Adoption of "Decorator" naming convention

A common behavior in Spree extensions is to override or extend core controllers and models. With the upgrade, Spree adopts the "decorator" naming convention:

Dir.glob(File.join(File.dirname(__FILE__), "../app/**/*_decorator*.rb")) do |c|
  Rails.env.production? ? require(c) : load(c)

I prefer to extend the controllers and models with module includes, but the decorator convention also works nicely.

Gem Dependency Updates

With the transition to Rails 3, I found that there were changes related to dependency upgrades. Spree 0.11.* uses searchlogic 2.3.5, and Spree 0.30.1 uses searchlogic 3.0.0.*. Searchlogic is the gem that performs the search for orders in my report to pull orders between a certain time frame or tied to a specific store.
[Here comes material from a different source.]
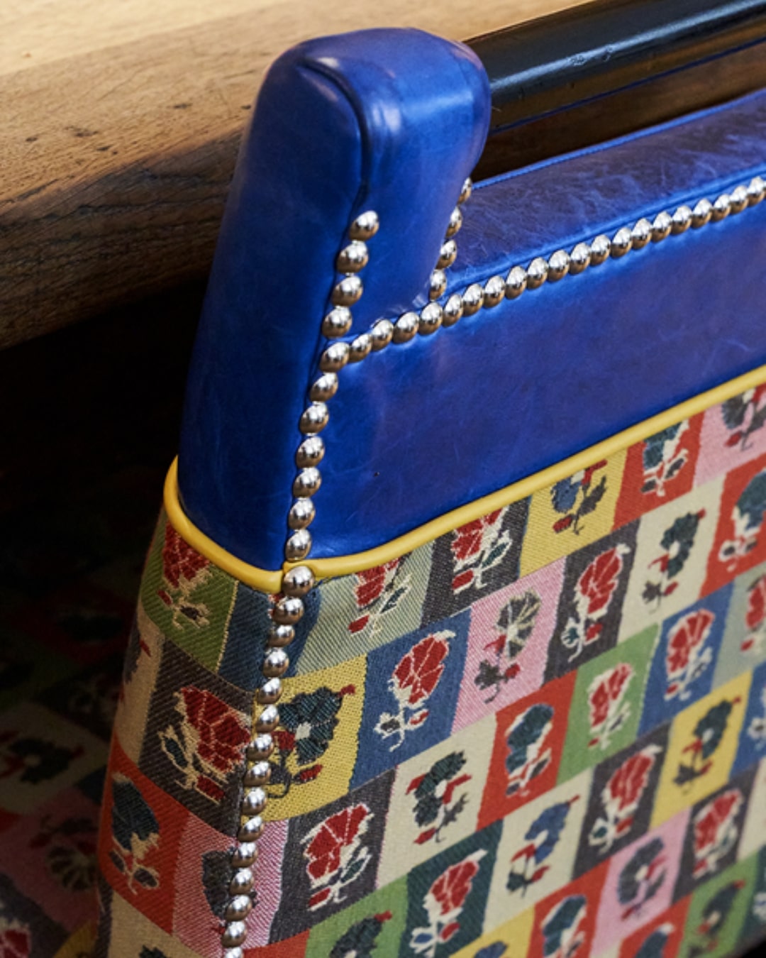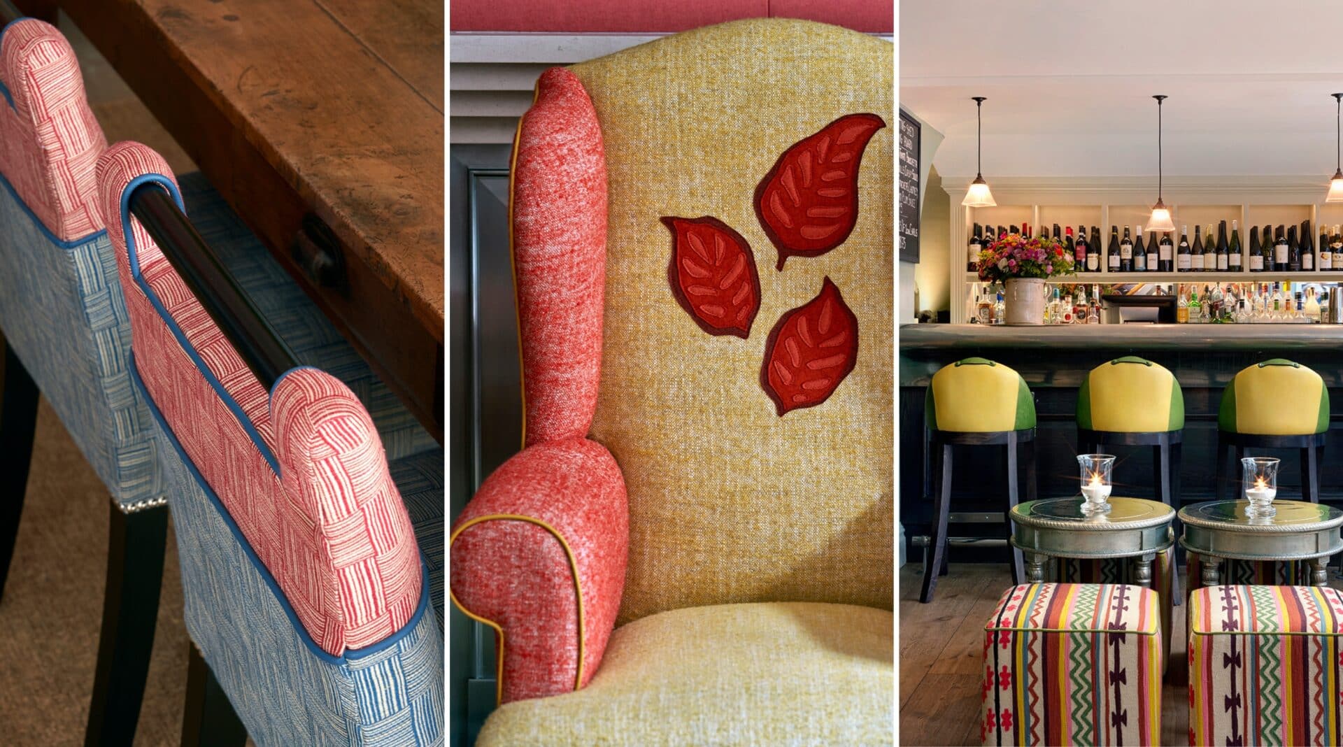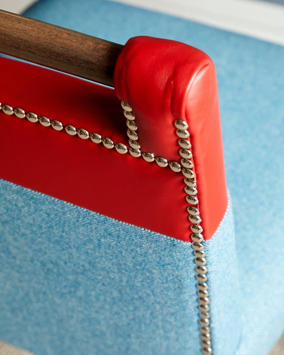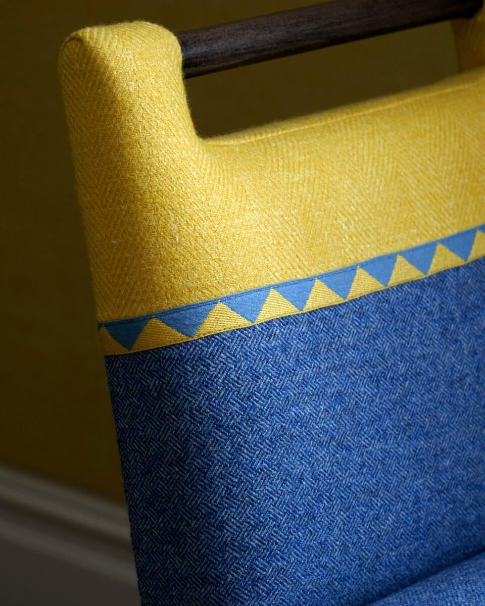 One of the most recognisable examples of split upholstery at Firmdale Hotels is the Handle Chair. Throughout our hotels, you will often find two-tone chairs upholstered in a lively patterned fabric, paired with a bold plain or leather.

I didn't go digging around in the searchlogic upgrade changes, but I referenced Spree's core implementation of searchlogic to determine the required updates:

diff --git a/lib/advanced_report.rb b/lib/advanced_report.rb
@@ -13,11 +15,26 @@ class AdvancedReport
     self.params = params
     self.data = {}
     self.ruportdata = {}
+    params[:search] ||= {}
+    if params[:search][:created_at_greater_than].blank?
+      params[:search][:created_at_greater_than] =
+        Order.first(:order => :completed_at).completed_at.to_date.beginning_of_day
+    else
+      params[:search][:created_at_greater_than] =
+        Time.zone.parse(params[:search][:created_at_greater_than]).beginning_of_day rescue ""
+    end
+    if params[:search][:created_at_less_than].blank?
+      params[:search][:created_at_less_than] =
+        Order.last(:order => :completed_at).completed_at.to_date.end_of_day
+    else
+      params[:search][:created_at_less_than] =
+        Time.zone.parse(params[:search][:created_at_less_than]).end_of_day rescue ""
+    end
+    params[:search][:completed_at_not_null] ||= "1"
+    if params[:search].delete(:completed_at_not_null) == "1"
+      params[:search][:completed_at_not_null] = true
+    end
     search = Order.searchlogic(params[:search])
-    search.checkout_complete = true
-    self.orders = search.find(:all)
+    self.orders = search.do_search 
     self.product_in_taxon = true
     if params[:advanced_reporting]

Rakefile diffs

Finally, there are substantial changes to the Rakefile, which are related to rake tasks and testing framework. These didn't impact my development directly. Perhaps when I get into more significant testing on another extension, I'll dig deeper into the code changes here.

diff --git a/Rakefile b/Rakefile
index f279cc8..f9e6a0e 100644
# lots of stuff

For those interested in learning more about the upgrade process, I recommend the reviewing the Rails 3 Release Notes in addition to reading up on Rails Engines as they are an important part of Spree's core and extension architecture. The advanced reporting extension described in this article is available here.